GE launches world's largest turbine in offshore market push
GE Renewable Energy has launched a 12 MW offshore wind turbine, representing the largest capacity turbine in the market to date.
The Haliade-X will be delivered to projects from 2021 and GE will invest $400 million in engineering, testing and supply chain development over the next three to five years, GE said March 1.
The launch of the new turbine comes as offshore developers continue to seek economies of scale and series to drive down costs.
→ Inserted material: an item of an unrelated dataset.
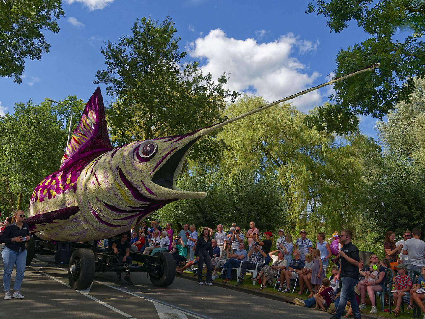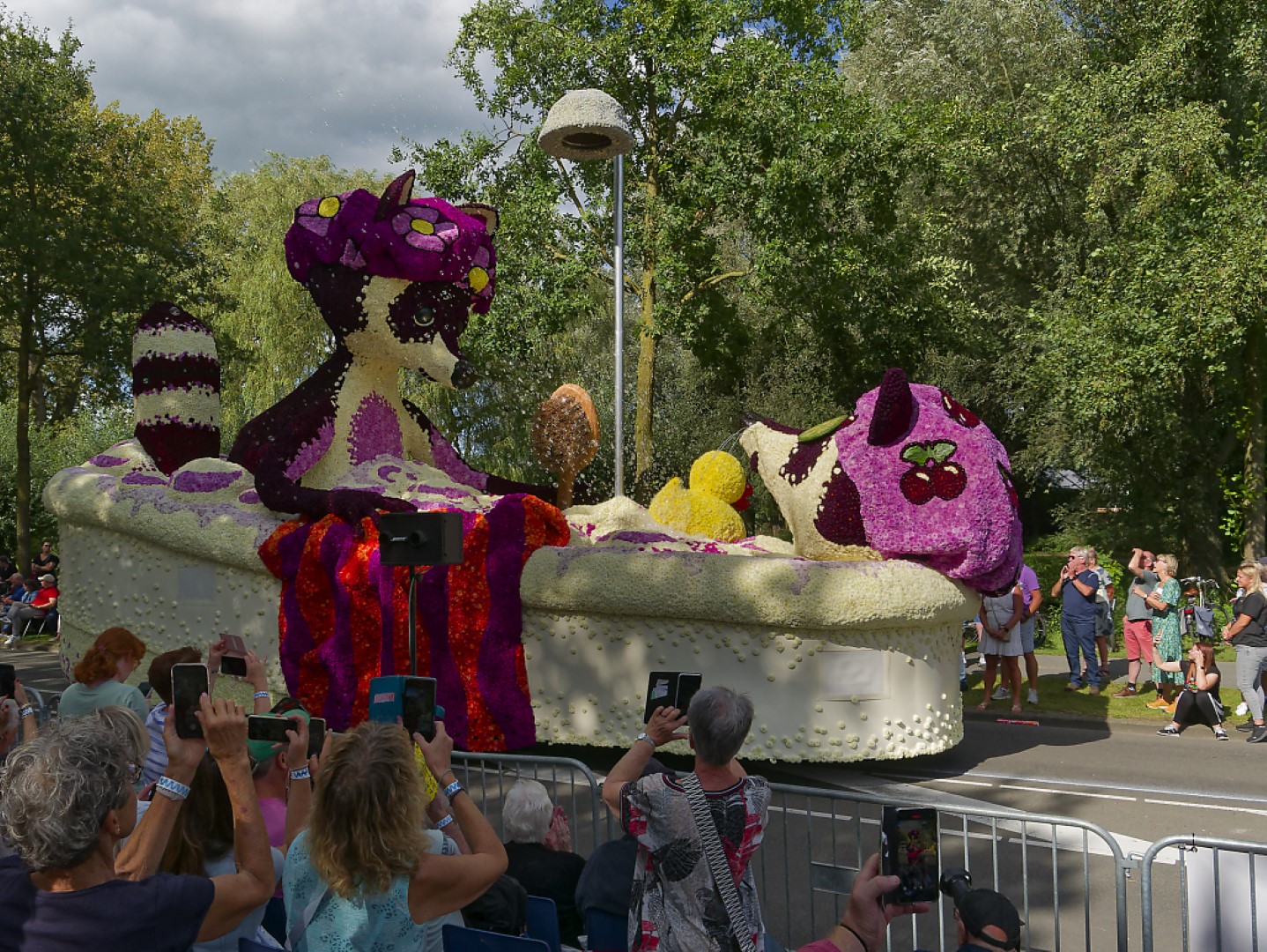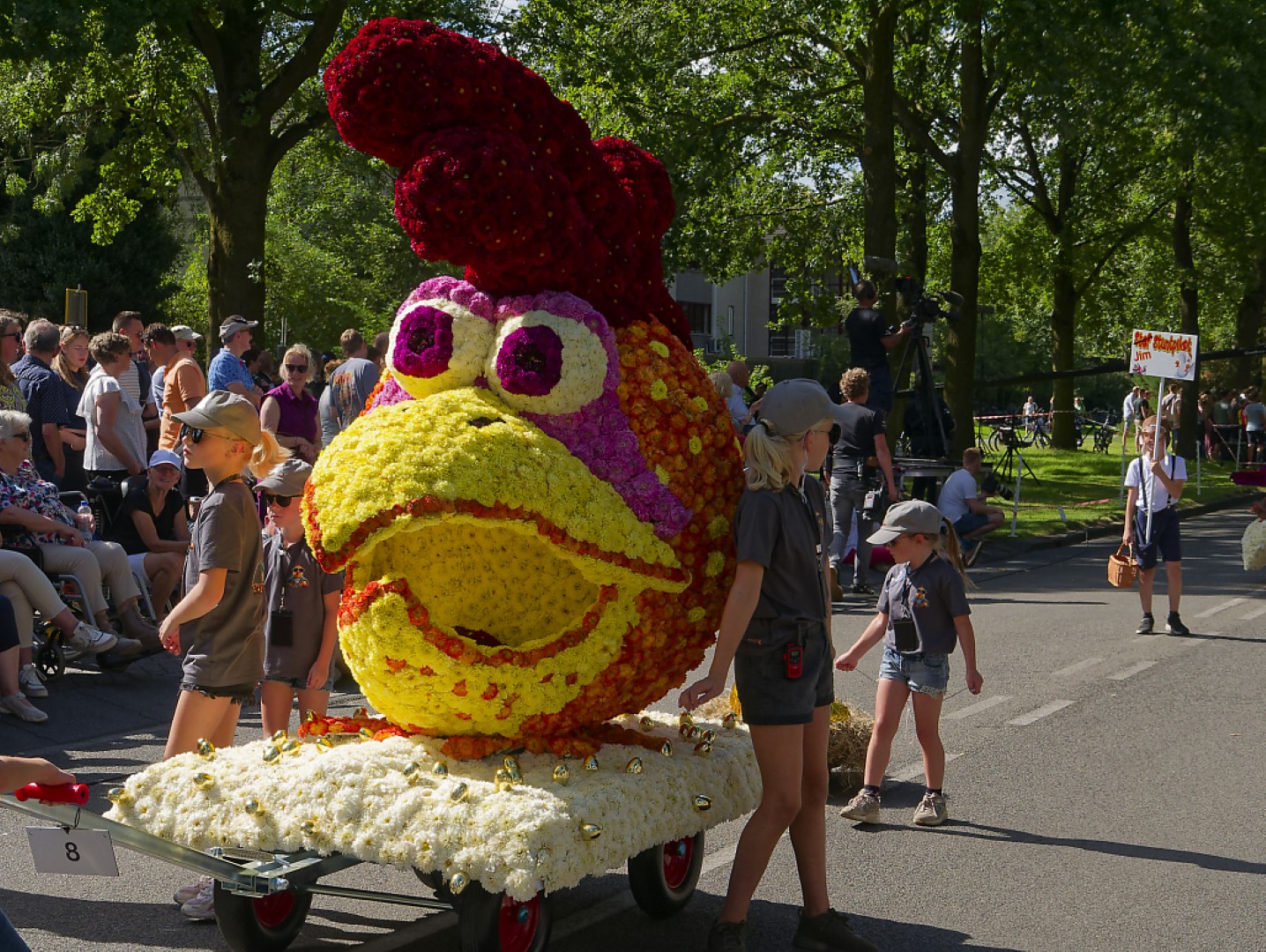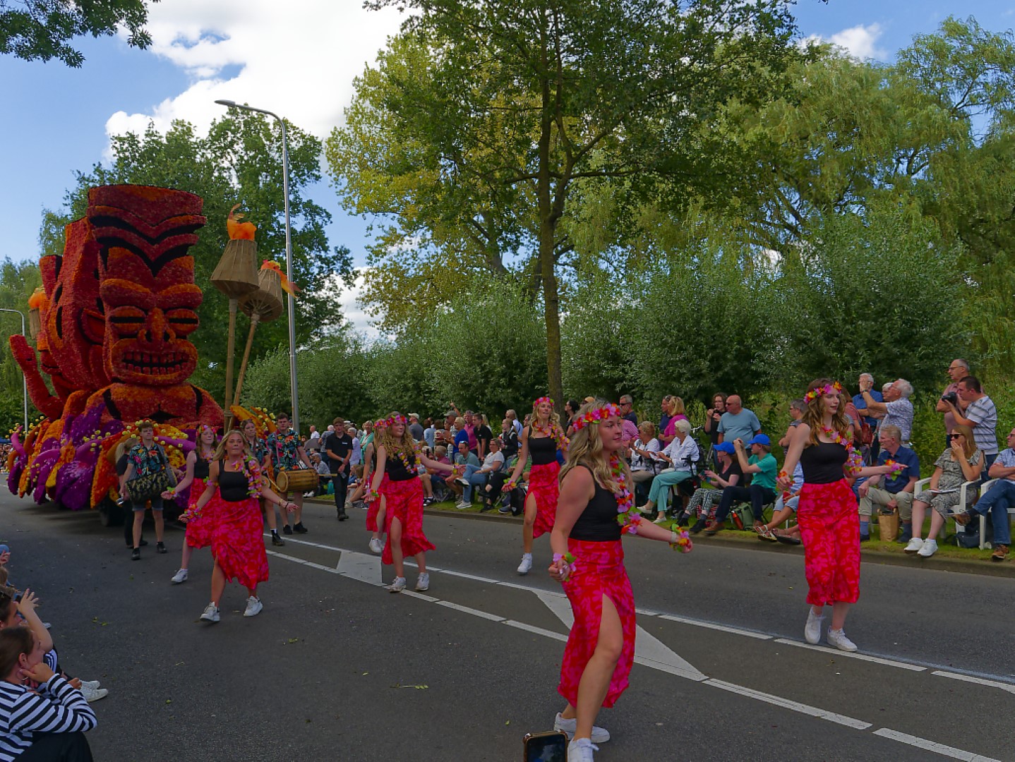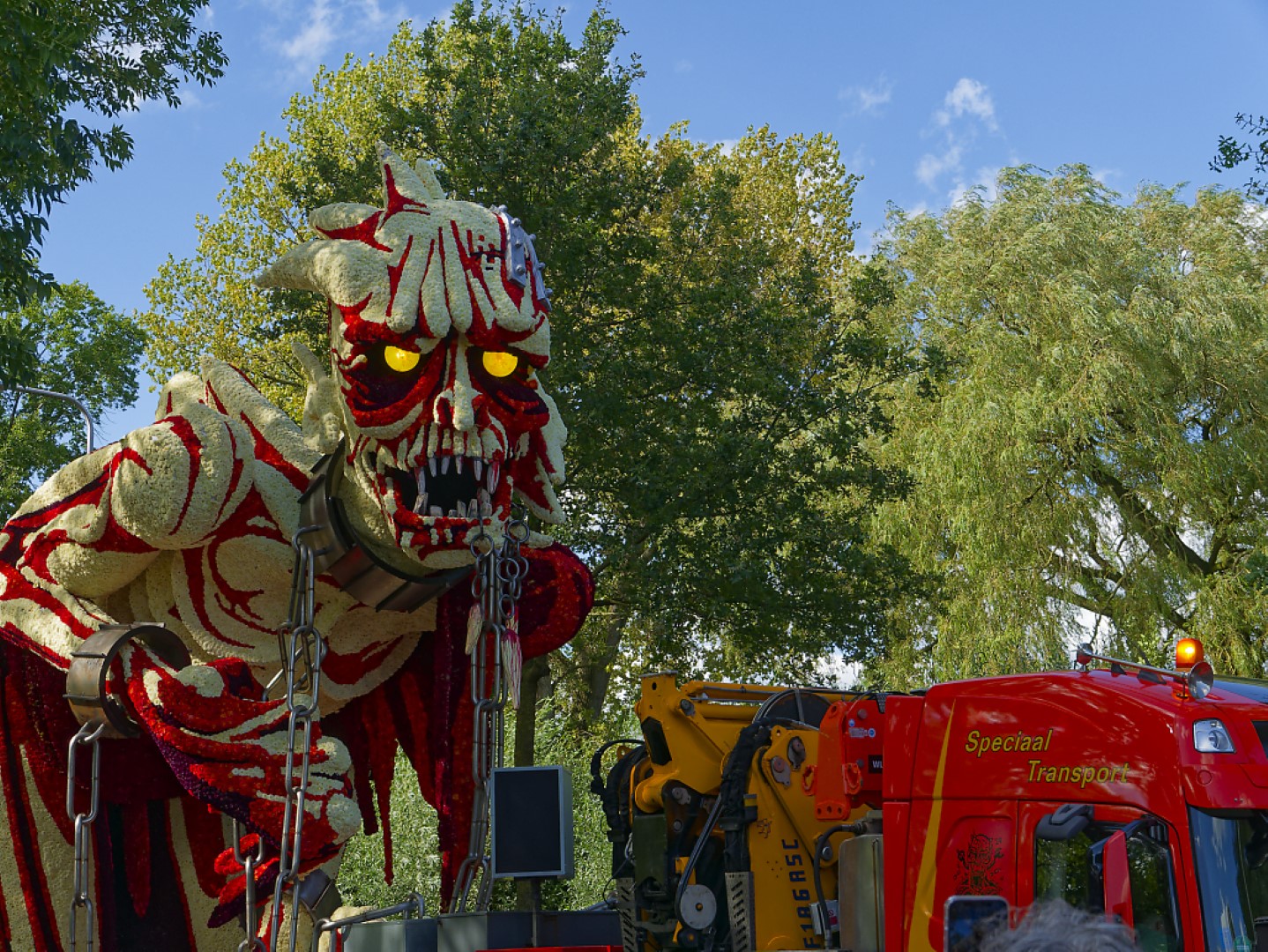 Wow! Damit hatte nun wirklich keiner der mitgefahrenen Jonges und Mädchers gerechnet – selbst die nicht, die sich vorher schon einige Bilder vom letztjährigen Blumencorso im Internet angeschaut hatten. Angefangen mit der Kindergruppe der Vereine, die auch schon mit kleinen blumengeschmückten Wägelchen an unseren Tribünenplätzen vorbeizogen, folgten dann 18 über und über mit Blumen oder auch mit Moos oder Gräsern phantastisch geschmückte Blumenwagen, zwischen denen mehrere Musikgruppen auch für nette Unterhaltung sorgten. Immer wieder hörte man die Worte „Wahnsinn“ oder sah das Staunen in den Gesichtern aller auf der Tribüne sitzenden Zuschauer, wenn einer der riesigen, mit bis zu 300.000 (teilweise auch gefärbten) Dahlien und bis zu 21 Meter langen und/oder auch bis zu acht Meter hohen Figurenwagen an uns vorbeizogen, bei denen sich auch noch zusätzlich bei den Figuren vieles bewegte. Toll, wenn man auch bedenkt, dass – bis bei der größten Figur – alle anderen Wagen nur mit Muskelkraft vorwärts bewegt wurden.

Larger, higher efficiency turbines and growing installation experience have had a dramatic impact on offshore wind costs, producing record-low tender prices across Europe.
Europe installed a record 3.1 GW of new offshore wind capacity in 2017 and the average capacity of newly-installed turbines was 5.9 GW, up by 23% year-on-year, industry group Windeurope said February 6.
Last year, Orsted became the first offshore wind farm developer to install 8 MW turbines and the Danish company has predicted turbines of capacity 13 to 15 MW will be on the market by 2024.
GE's Haliade-X has an estimated capacity factor of 63%, which the company says is five to seven percentage points above the current industry benchmark.
The launch of the Haliade-X shows GE intends to gain a larger foothold in the offshore wind market, where it has fallen behind other leading suppliers.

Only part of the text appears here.